Vitrified clay pipe (VCP) is pipe made from a blend of clay and shale that has been subjected to high temperature to achieve vitrification,  which results in a hard, inert ceramic.

VCP is commonly used in gravity sewer collection mains because of its long life and resistance to almost all domestic and industrial sewage, particularly the sulfuric acid that is generated by hydrogen sulfide, a common component of sewage. Only hydrofluoric acid and highly concentrated caustic wastes are known to attack VCP. Such wastes would not be permitted to be discharged into a municipal sewage collection system without adequate pretreatment.

There are three main types of VCP produced in the U.S.:  Bell & Spigot Pipe (with factory-applied compression joints), Band-Seal pipe (with rubber compression couplings) and NO-DIG(R) Pipe (for trenchless installation with an elastomeric gasket and stainless steel collar for a low-profile compression joint).  All VCP manufactured in the U.S. must comply with ASTM C425 to provide a flexible leak-free joint.

Clay pipe has been in-use in sanitary sewer systems for at least 5,000 years

Production
VCP pipe is made by forming clay then heating it to 2000 degrees Fahrenheit (1100 degrees Celsius).

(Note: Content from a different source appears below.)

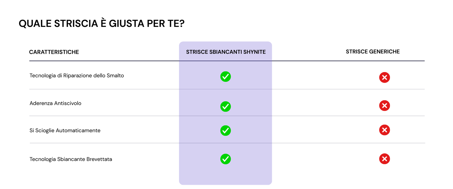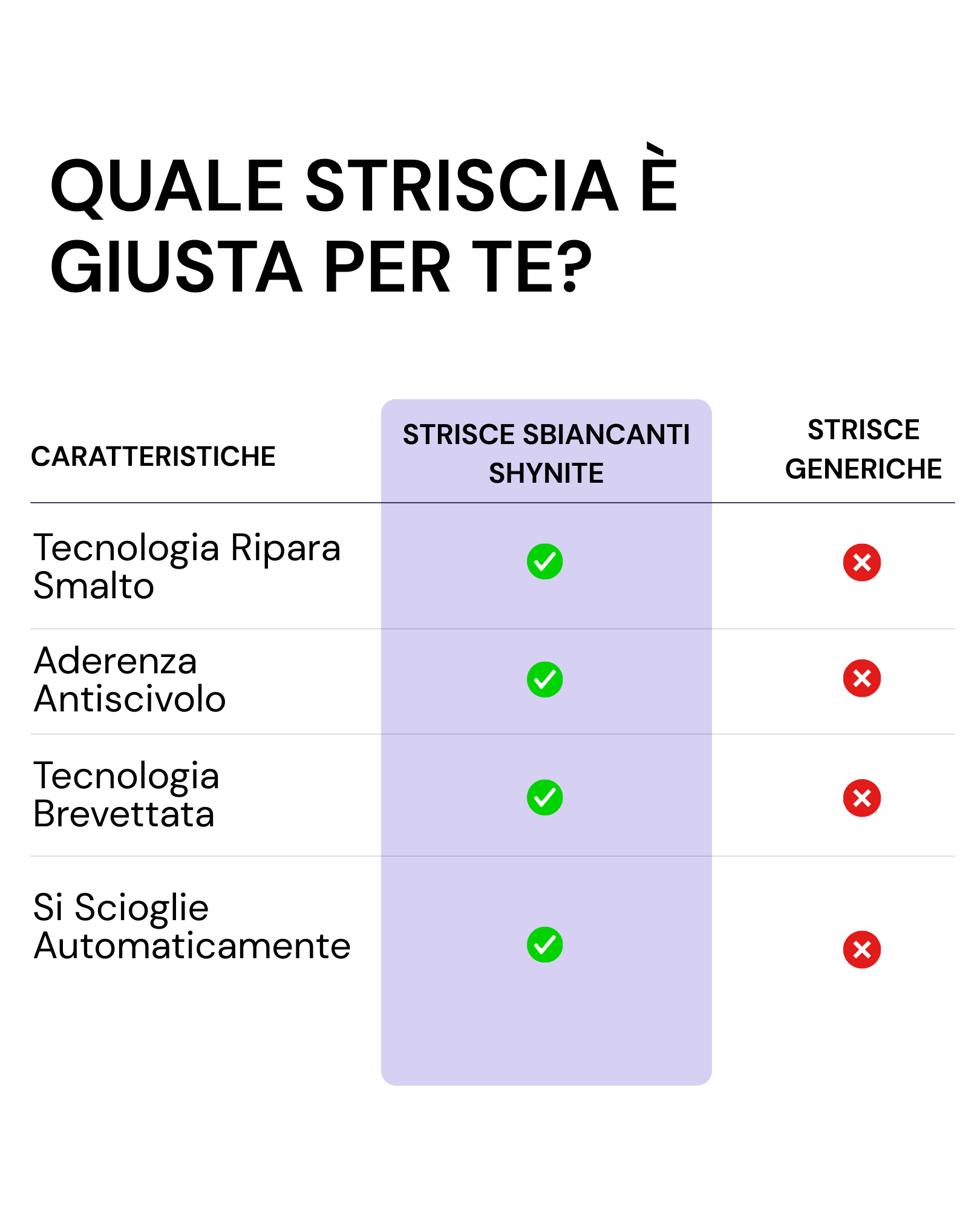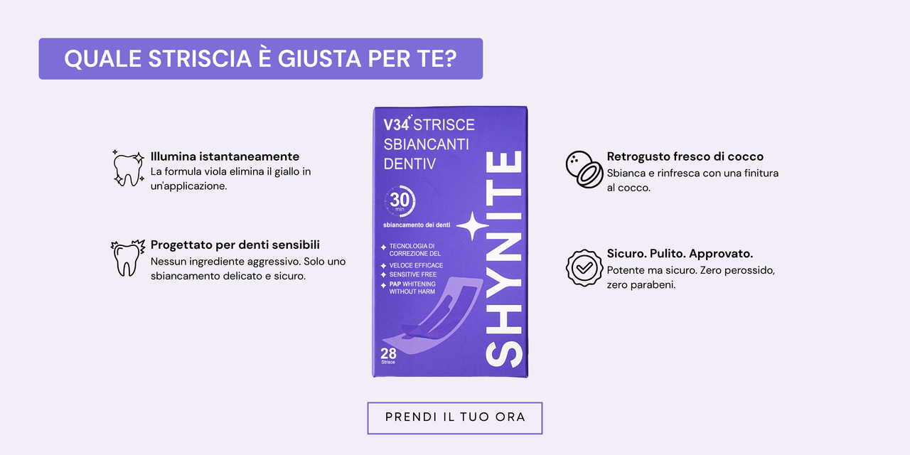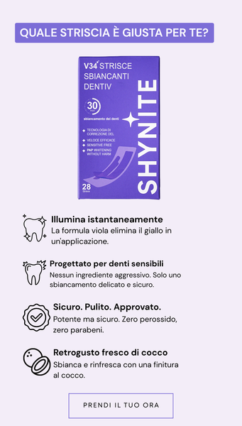 Notti insonni, vino o sigari: niente paura. Le strisce sbiancanti SHYNITE agiscono sulle macchie fin dalla loro origine, donandoti una luminosità duratura e zero sensibilità dentale.

The pipe is then vitrified. In some areas the pipe is then glazed to ensure that it will be water-tight.

Benefits
VCP products use clay as a major component in its production, making its raw materials environmentally friendly. The manufacturing process has been fine-tuned for centuries and was designed to be fiscally responsible which had the added benefit of being environmentally responsible. But the primary benefit (both environmental and fiscal) of using VCP in sanitary sewers is its long service life.

As Sanitary Sewer Overflows (SSOs) have become an area of concern for the US EPA and thus a very large potential liability for municipalities, cleaning sewers for condition assessment and maintenance has become a critical factor in system design.  Flexible thermoplastic pipe limits the tools available for this cleaning as they are more easily damaged.  VCP allows for aggressive cleaning methods which prolongs the service life of a sewer line and frequently eliminates the need for expensive dig-ups.

Further, VCP's resistance to a wide variety of acids besides hydrofluoric acid make it a long lasting choice for use in underground sewers.